JudaismLeadership, Authority, and Religious Roles |
Who were the Pharisees? |
During the Maccabean (or Hasmonean) revolt in 164 B.C.E. against the foreign rule of the Seleucids, a fascinating sect or school of thought called the Pharisees began to emerge from obscurity. They were called Perushim (“separatists, seceders, heretics”) in Hebrew, but that may originally have been a pejorative term coined by their opponents, the Sadducees. At first the Pharisees supported the Maccabees, who initially packed their new Sanhedrin with members of the sect. But the Pharisees disapproved of the way ruler John Hyrcanus (135-104 B.C.E.) attempted to secure both religious and civil authority for himself and so they withdrew their support.

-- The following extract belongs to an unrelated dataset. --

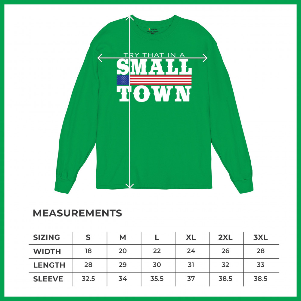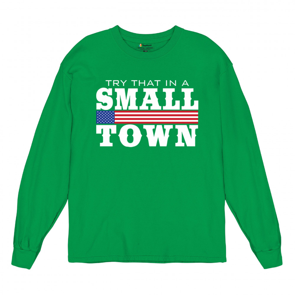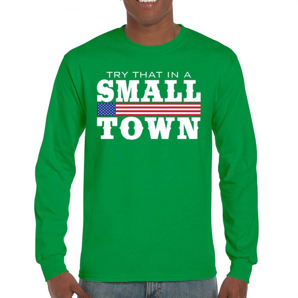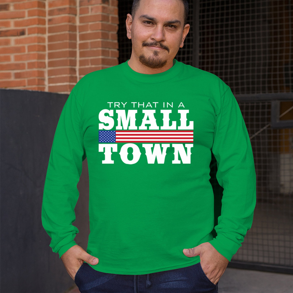 Celebrate small-town pride with our "Try That In A Small Town" design. Perfect for patriotic events, it features a bold American flag graphic.
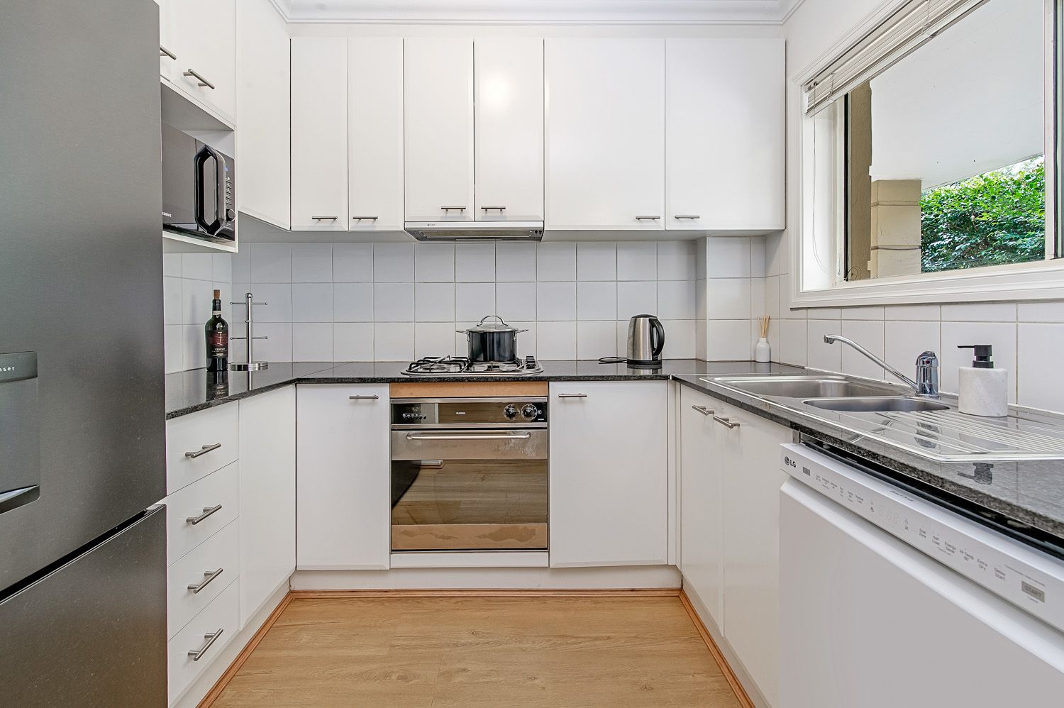 - Modern kitchen with granite benches, gas cooktops & dishwasher

In general the Pharisees enjoyed the favor of the masses for their stand on political issues.
Meanwhile the new Hasmonean ruler Alexander Yannai (103-76 B.C.E.) cultivated the support of the Sadducees, who tended to be aristocratic. When the Pharisees condemned Alexander’s priestly conduct of sacred ritual as blasphemous, they paid with death or exile. But Alexander’s wife, Alexandra, brought back the Pharisees after her husband’s death, allowing them to restore both Sanhedrin and temple ritual. The Pharisees emphasized God’s love for each person and taught the resurrection of the body. They stood against the priestly aristocracy in their teaching of the individual’s personal relationship with God. After the Romans ended Hasmonean rule in 63 B.C.E., the Pharisees insisted that a separation of secular and sacred spheres would allow the Jewish people to tolerate foreign rule so long as the Romans left them their religious freedom. After 70 C.E., the Pharisees disappeared as a distinct sect or party, but much of their spirit lived on in the growth of rabbinical Judaism.